Tadinya aku memilih untuk tidak punya anak. Meskipun tidak bekerja, tapi aku tak mau mengurus anak. Awalnya dia mendukung dan akupun ber-KB dengan pil. Tapi rupanya ia menyembunyikan keinginannya begitu dalam sampai suatu hari aku lupa minum pil KB dan meskipun ia tahu ia membiarkannya. Akupun hamil dan baru menyadarinya setelah lebih dari empat bulan, dokterpun menolak menggugurkannya.
Itulah kemarahanku terbesar padanya. Kemarahan semakin bertambah ketika aku mengandung sepasang anak kembar dan harus mengalami kelahiran yang sulit. Aku memaksanya melakukan tindakan vasektomi agar aku tidak hamil lagi. Dengan patuh ia melakukan semua keinginanku karena aku mengancam akan meninggalkannya bersama kedua anak kami.

Waktu berlalu hingga anak-anak tak terasa berulang tahun yang ke-delapan. Seperti pagi-pagi sebelumnya, aku bangun paling akhir. Suami dan anak-anak sudah menungguku di meja makan.

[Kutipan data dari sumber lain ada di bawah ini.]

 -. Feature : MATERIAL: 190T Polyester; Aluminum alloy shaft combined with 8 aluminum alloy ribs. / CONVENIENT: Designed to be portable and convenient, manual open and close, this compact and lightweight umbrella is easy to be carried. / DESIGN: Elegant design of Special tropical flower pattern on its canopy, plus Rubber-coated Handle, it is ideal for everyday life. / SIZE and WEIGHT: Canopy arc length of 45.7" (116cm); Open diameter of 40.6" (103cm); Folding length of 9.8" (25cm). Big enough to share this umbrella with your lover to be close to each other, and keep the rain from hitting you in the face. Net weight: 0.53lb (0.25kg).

Seperti biasa, dialah yang menyediakan sarapan pagi dan mengantar anak-anak ke sekolah. Hari itu, ia mengingatkan kalau hari itu ada peringatan ulang tahun ibuku. Aku hanya menjawab dengan anggukan tanpa mempedulikan kata-katanya yang mengingatkan peristiwa tahun sebelumnya, saat itu aku memilih ke mal dan tidak hadir di acara ibu. Yaah, karena merasa terjebak dengan perkawinanku, aku juga membenci kedua orangtuaku.

Sebelum ke kantor, biasanya suamiku mencium pipiku saja dan diikuti anak-anak. Tetapi hari itu, ia juga memelukku sehingga anak-anak menggoda ayahnya dengan ribut. Aku berusaha mengelak dan melepaskan pelukannya. Meskipun akhirnya ikut tersenyum bersama anak-anak. Ia kembali mencium hingga beberapa kali di depan pintu, seakan-akan berat untuk pergi.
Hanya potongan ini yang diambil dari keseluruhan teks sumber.